Annual percentage rates (APR) and monthly payments
If you are looking at estimated APR and monthly payments, you should already have narrowed down the list of potential lenders on where you qualify. Of course, you want to get the best deal out there. However, understand that this is limited by certain factors, largely by your FICO score. What you will have now is a range of your potential interest rates you can accrue based on the information you gathered. Assuming you have the same loan term, the higher the interest rate is, the higher your monthly payments will be.
Aside from interest, lending institutions earn money through various fees. There are different types of fees that a lender can impose on clients, but the most common one is a prepayment fee. The best deal will not come with fees unless they are very minimal. Know the fees associated with your loan. Otherwise you might be surprised when your bill comes.
Accessibility and Convenience
If your credit rating is impeccable and you have found the perfect loan, you may find their payment process is indirect and very democratic. Is this still a viable option? You should always consider the accessibility and convenience of your lender. There are other concerns in your life besides settling your debt. If your chosen loan becomes a burden instead of making your life easier, you are better off with another creditor.
Lastly, assuming that you are no expert when it comes to how these things are handled, there must be qualified and competent customer representatives to bridge the knowledge gap for you. Even if you feel you are comfortable with a lender, you still must be certain that your concerns are addressed accurately in a timely manner. Especially when it comes to fees, there must be clear communication between the two parties. Without that, you might unknowingly hold wrong expectations and get very frustrated later on.
The decision must not be on your financial concerns alone. In the end, the loan is just as good as where you source it. Your choice must be a balance of all these factors, with some factors weighing more heavily than the others depending on your priorities.
Debt Consolidation with Personal Loans
Many individuals accumulate debt with various organizations. This can include things like student loans, credit cards, business loans, mortgages, and many other lending products.
One of the best ways to simplify this complex web of bills is with a debt consolidation loan. This is when you are given a loan to pay off other debts. The result is you get bill consolidation into one place so you don’t have to worry about tracking multiple different payments.
You pay a fixed payment to your lender for a period of two to five years on average. Most loans are offered at a fixed interest rate, which gives borrowers the stability and predictability they might lack in their current financial arrangements.
Are you a good candidate?
You might be a good candidate for a loan if:
- You can repay your loan without accruing additional debt.
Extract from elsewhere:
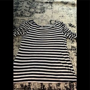 Good condition. Adorable Anthropologie Little Yellow Bird Blue/White Stripe Tee. Slub cotton. Rounded neckline with ruched sleeves. Size medium.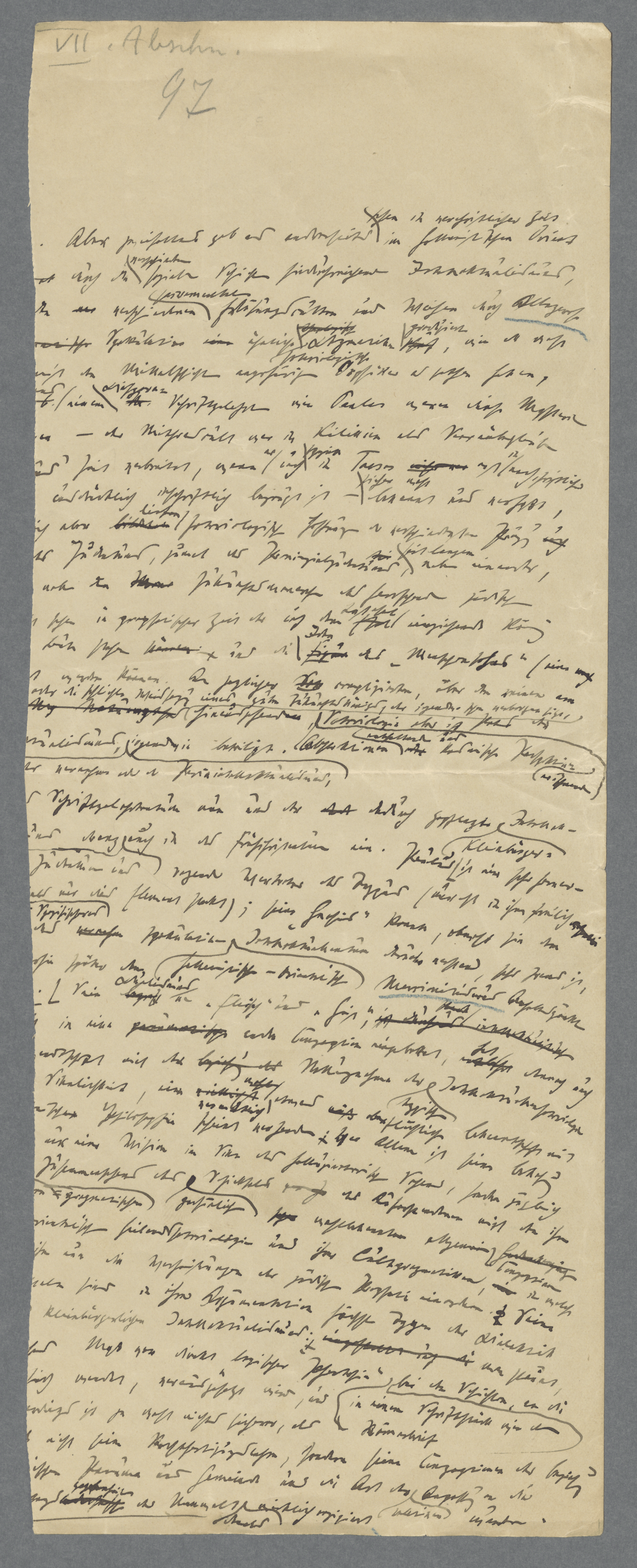 Im folgenden ist ein einseitiges, handschriftliches Fragment Max Webers als Faksimile abgedruckt und in Transkription wiedergegeben. Es findet sich im Nachlaß Max Weber in der Bayerischen Staatsbibliothek, Deponat Max Weber-Schäfer, Ana 446. Der Bogen ist am linken Rand abgeschnitten und von Max Weber mit schwarzer Tinte beschrieben. Von dritter Hand sind am oberen linken Blattrand der Zusatz „VII. Abschn. 97“ sowie zwei Unterstreichungen mit blauem Stift im Text eingefügt. Letztere stammen vermutlich vom Setzer, der zwei Worte nicht lesen konnte. Bei dem vorliegenden handschriftlichen Fragment handelt es sich daher mit größter Wahrscheinlichkeit um die direkte Druckvorlage zu Seite 292 der Erstausgabe von „Wirtschaft und Gesellschaft“. Die Edition (oben, S. 278, Zeile 16 bis S. 280, Zeile 24) folgt der Erstausgabe und berücksichtigt das Manuskript Max Webers an den Stellen, wo es sich bei den Erstherausgebern um fehlerhafte Lesungen und sinnverändernde Abweichungen handelte. Die Transkription des Manuskripts erfolgt mit den in der Briefedition üblichen diakritischen Zeichen.

- You have the right credit to obtain a loan at a better interest rate than your current debt.
- You are having a hard time keeping up with multiple different payment schedules.
However, as with all financial products, there are a few things you should pay attention to:
- Make sure you are aware of the fee the lender will charge
- Understand what support you have access to, for example: will the lender pay your creditors directly?
- Check if there is an advantage to having a co-signer on your loan.
Best Debt Consolidation Companies: What to Look For
If you’re looking to consolidate your debt, it’s essential that you work with the right lender. You want to be sure that the lender you choose is one of the best in the industry. The internet has brought about plenty of different companies that can help you get the financing you need, but there are also plenty of people looking to take advantage of people in rough circumstances.
You don’t want to end up working with a fraudulent company, so make sure to stay vigilant when you begin your search for a company. In this section, we’ll go over a few ways to make sure that you find the right company for your situation.
Check Interest Rates
This might go without saying, but you should always compare the interest rates of the lenders that you’re thinking of working with. If you don’t want to end up paying more money than your current credit card or loan provides you, make sure there is a substantial difference in the interest rates. A credit card consolidation loan should save you money to make sense as a solution.
There are plenty of debt consolidation loan calculator options online that can help you with this – we explore this further on this page.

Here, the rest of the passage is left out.